AvengingGerbil · 20/11/2009 17:37

Cyteen, the aristos have certainly been multiple barrelling for centuries, but they do end up with ridiculous names - the first Duke of Buckingham and Chandos's family surname was Temple-Nugent-Brydges-Chandos-Grenville.

And don't get me started on the Tollemache-Tollemache family!

KERALA1 · 20/11/2009 18:15

Ahem actually I have. I know a family where dad was double barrelled so they added mums name on as well. So the children are triple barrelled.

Also the toffs are no advert for this. Annabella Gough-Calthorpe-Anstruther something or other in the copy of Hello I was reading in the hairdressers. Sorry but I think its all ridiculous. You did ask.

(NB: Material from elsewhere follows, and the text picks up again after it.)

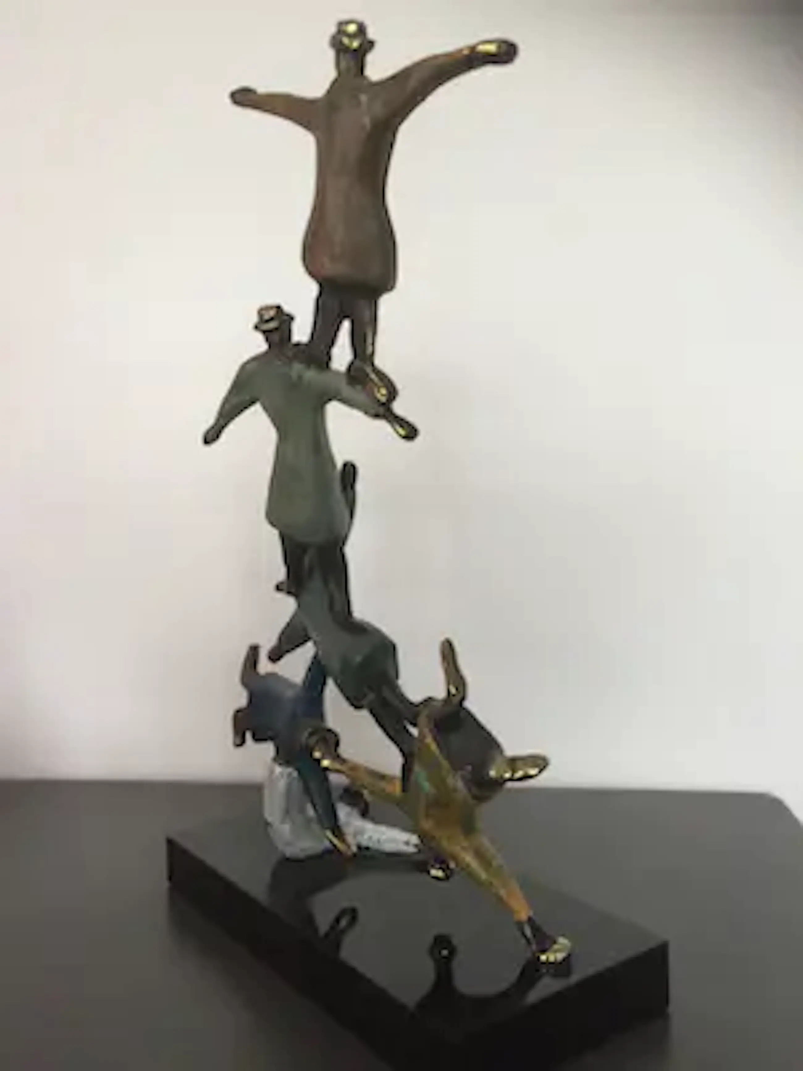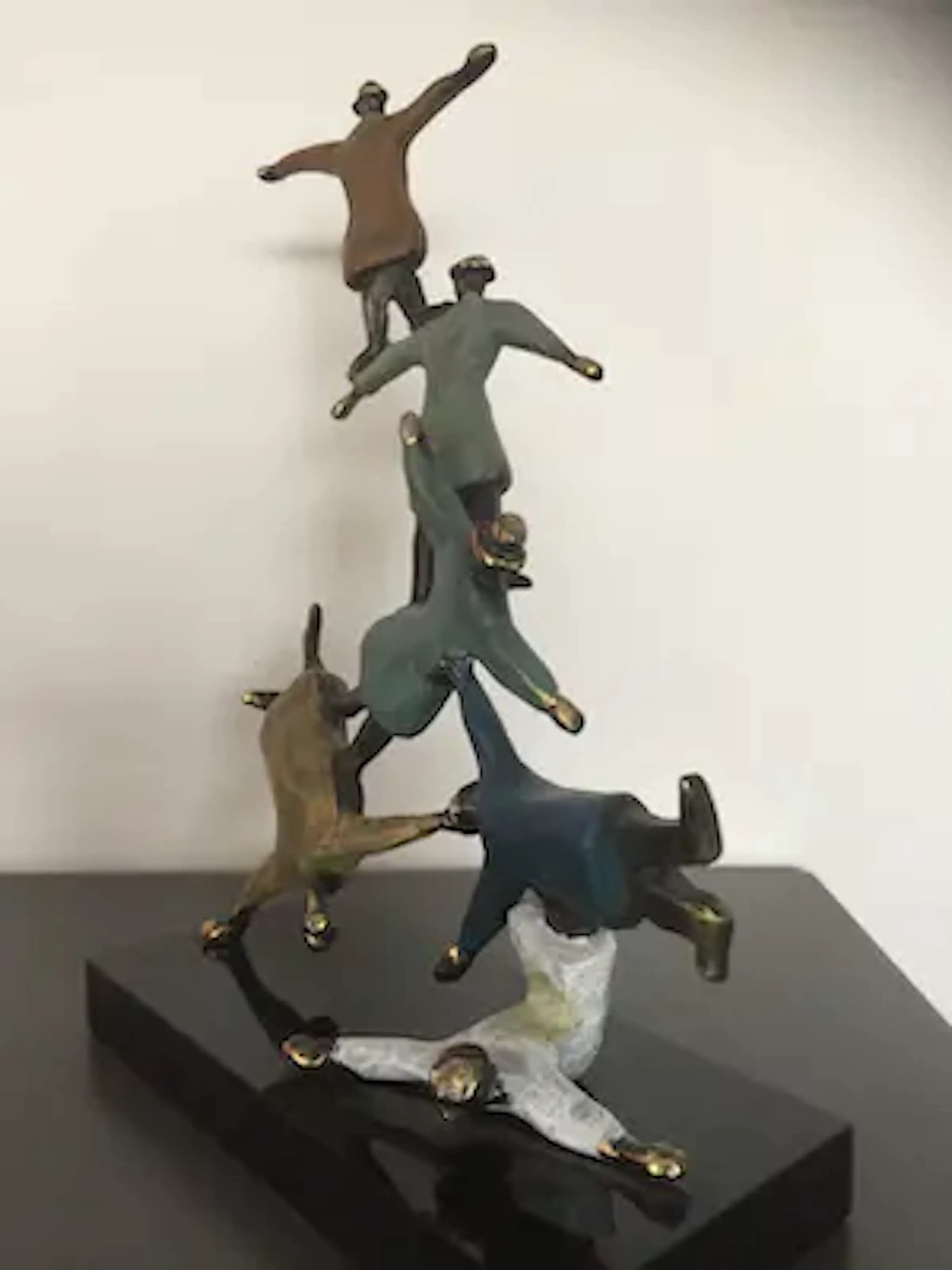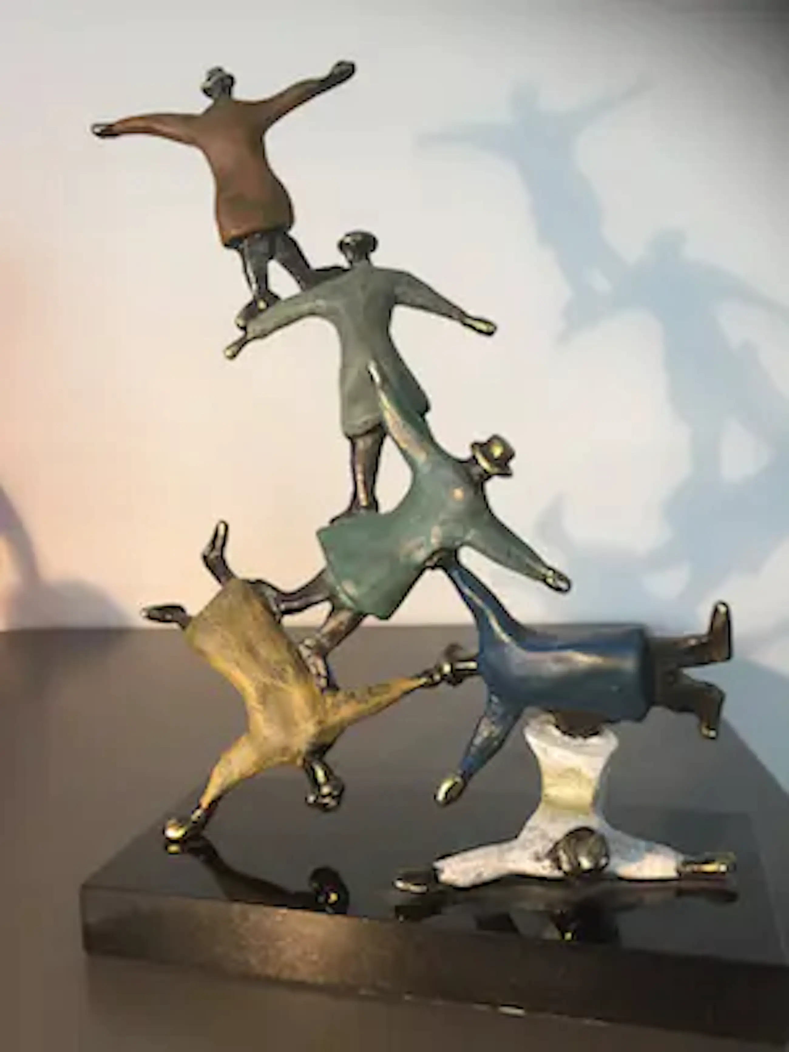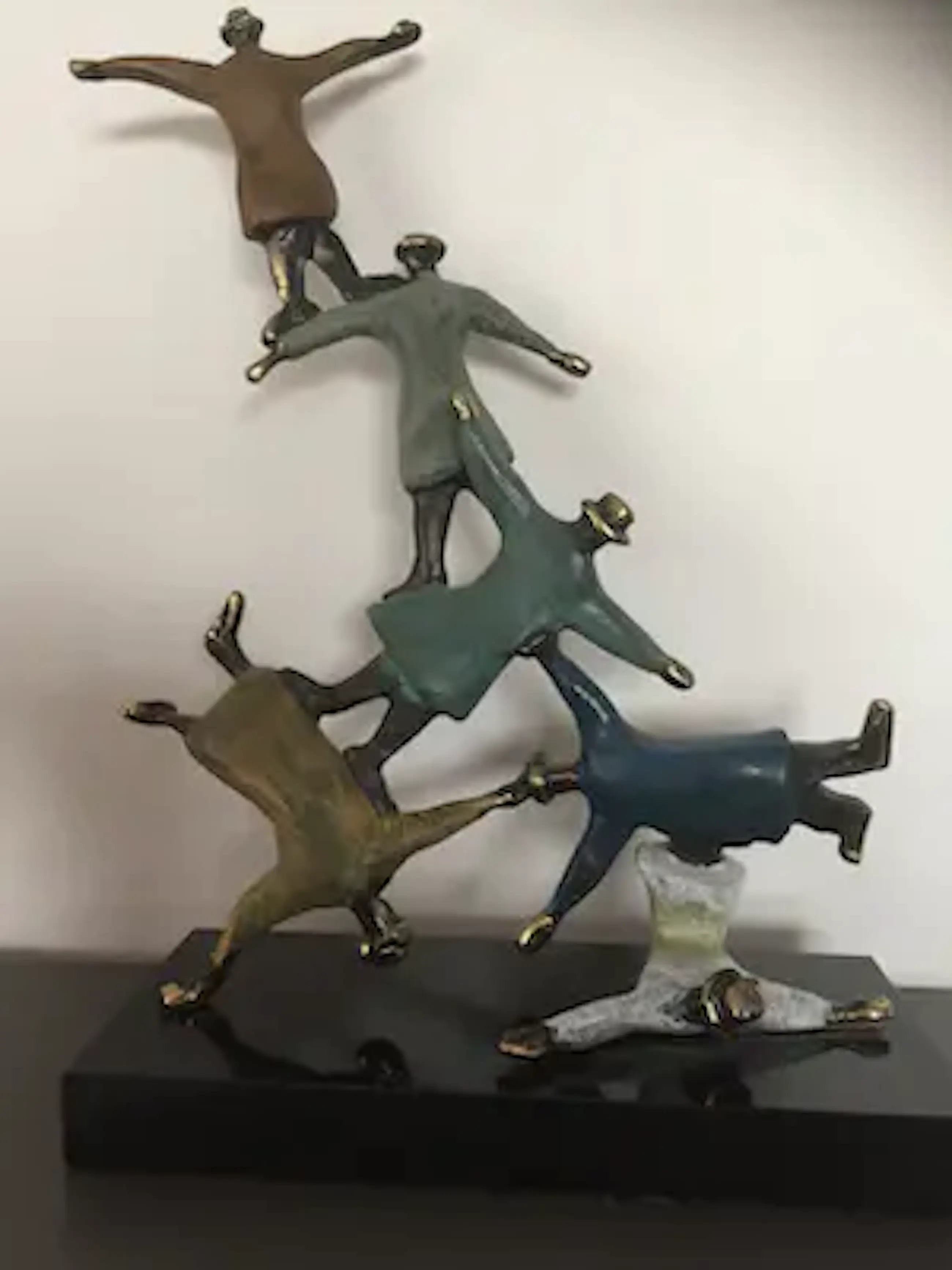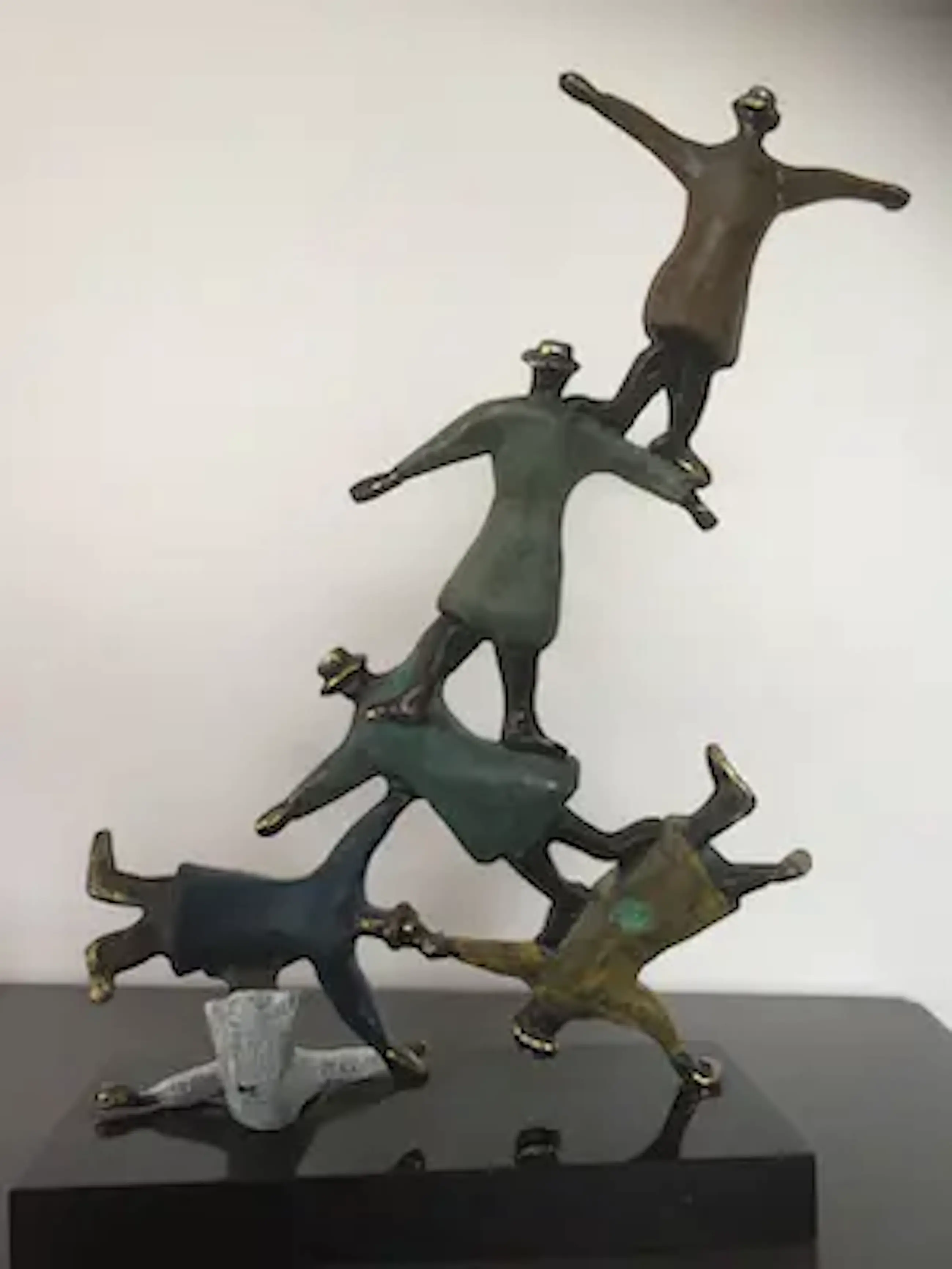 Mannen met bolhoeden lijkend op figuren van Magritte die dolkomisch een toren vormen. Prachtig kleurrijk sculptuur waarbij de kunstenaar heeft weergegeven dat als mensen elkaar ondersteunen en samenwerken werkelijk niets onmogelijk is!

kawaiiko · 20/11/2009 18:27

Both my dh and I adopted double-barrelled name when we married. I liked my surname. I like my new surname even more - it gives us each a connection to the other's culture.

No one thinks it is pretentious as (to Brit ears) the first part sounds so outlandish that it can only be because my husband is from somewhere else.

It will give our (fingers crossed) future dcs a link to both cultures too. When they get married, well, they'll be adults and can do what they like. I'm not precious about it

Gracie123 · 24/11/2009 10:09

I guess if it's just two names it's fine. I always remember a girl who had been through parent divorce, then both parent remarriages and had ended up with four surnames (double barrelled at birth, mum insisted on new DH's name when she married him and Dad didn't think is was 'fair' on his new DP so she got lumped with all four). Her surname had nine syllables all included, and none of them were typical or common names.
Think carefully before you set a precedent!